Crack addicts aren’t running my rural hospital

State Representative Jason Spencer thinks Georgia’s hospitals are like crack addicts because they support Medicaid expansion funding. Spencer, a Republican who represents citizens in the Woodbine area, said in a Face Book post, “By the way, many hospitals are addicted to the current reimbursement structure in Medicine (the main problem with the healthcare). They are like addicts on crack.

I’ve been lucky enough to know every person serving on the Hospital Authority Board of Washington County Regional Medical Center (WCRMC). Chaired by retired Elder Middle School Principal Bern Anderson, the Board includes former County Commissioner Carl Forrester, retired state employee Bobby Anderson, Head Start Director Susie Wilcher, retired teacher Adam Adolphus, and Thiele Kaolin employees Marc Sack and Rob Mathis. When the hospital’s CEO, Jimmy Childre, Jr. began working there, he did so initially as a volunteer, taking no salary.

These people know that having a good hospital does more than save lives; it creates jobs (375 full-time employees at WCRMC, according to the hospital), keeps money in the local economy, helps attract businesses to our county, and improves health outcomes. The Authority Board also wants to cover the costs of running a good hospital.

That doesn’t make them crack addicts.

Hospitals, including WCRMC,  get just 93 cents on the dollar for Medicaid patients.
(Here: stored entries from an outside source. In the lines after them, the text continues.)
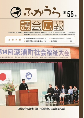 第55号表紙「福祉の作文発表(第14回深浦町社会福祉大会)」
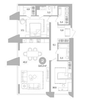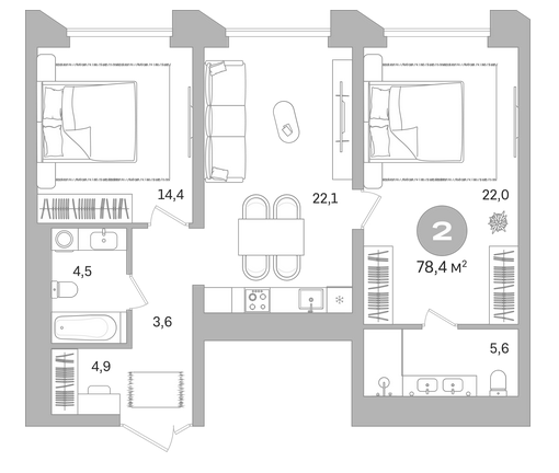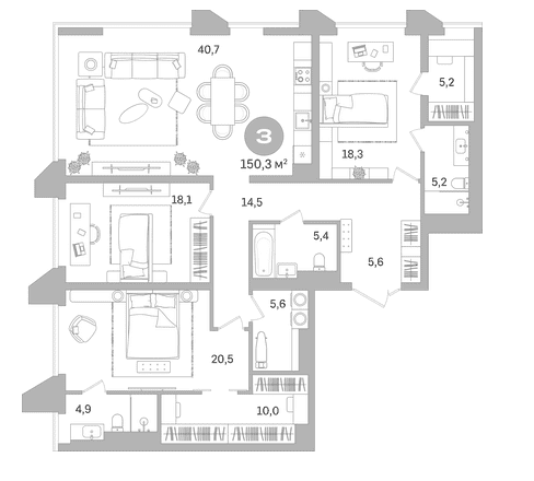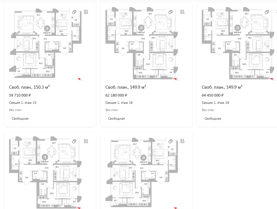Как бы вы ни распланировали квартиру, панорамные окна с низкими подоконниками впустят в неё максимум света. Мокрые зоны и служебные помещения спроектированы ближе ко входу, чтобы оставить больше солнца спальням и гостиным. На верхних этажах — пентхаусы площадью более 600 м² с мастер-спальнями, террасами и видами на 360 градусов.Высота потолков: на типовых этажах — 3 метра, в пентхаусах — 3.3 метра
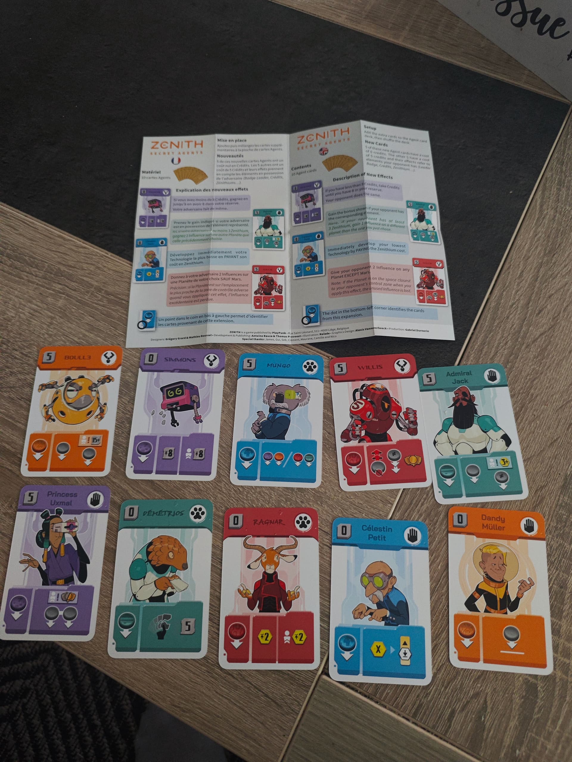 Petite incompréhension : j’ai commandé l’extension Zenith (Secret Agents), et dans le petit livret de règles, il n’y a l’explication des effets que pour 4 cartes sur les 10 contenues dans le booster.

Every time they do what hospitals are supposed to do, like save a life or safely deliver a baby, someone has to find a way to collect the unreimbursed expenses (which holds for private insurance, Medicare, and Medicaid patients). The Sandersville Progress has reported on new ways WCRMC is improving collection of payments for services, but, like many other rural hospitals, we will always have some patients who simply cannot pay their bills.

Governor Deal could still take action in the legislative session that begins today to increase the flow of Medicaid funding to our state’s hospitals while the Federal government carries the full cost for three years. Deal chose to pass on that, sending the money to other states who did the math on protecting rural hospitals (even the conservative Georgia Hospital Association said we need those dollars in Georgia).

According to Hometown Health CEO Jimmy Lewis, one million rural Georgians are treated in small community hospitals every year, in addition to those traveling through rural areas who may need emergency care. Governor Deal’s decision has already hurt the communities of Folkston, Arington, and Richland in the southwest part of our state, who saw their hospitals shuttered last year. Rep Spencer said (boasted maybe) that as many as 20 more small hospital closures could happen in our state in the next two years.

Our elected legislators will be hell-bent for leather to finish the session that opens today so they can raise campaign money and get on with the work of being re-elected in the November elections.

Elected power, just like crack, can be addicting. Maybe Georgia’s voters will consider electoral interventions when they go to the voting booth in 2014.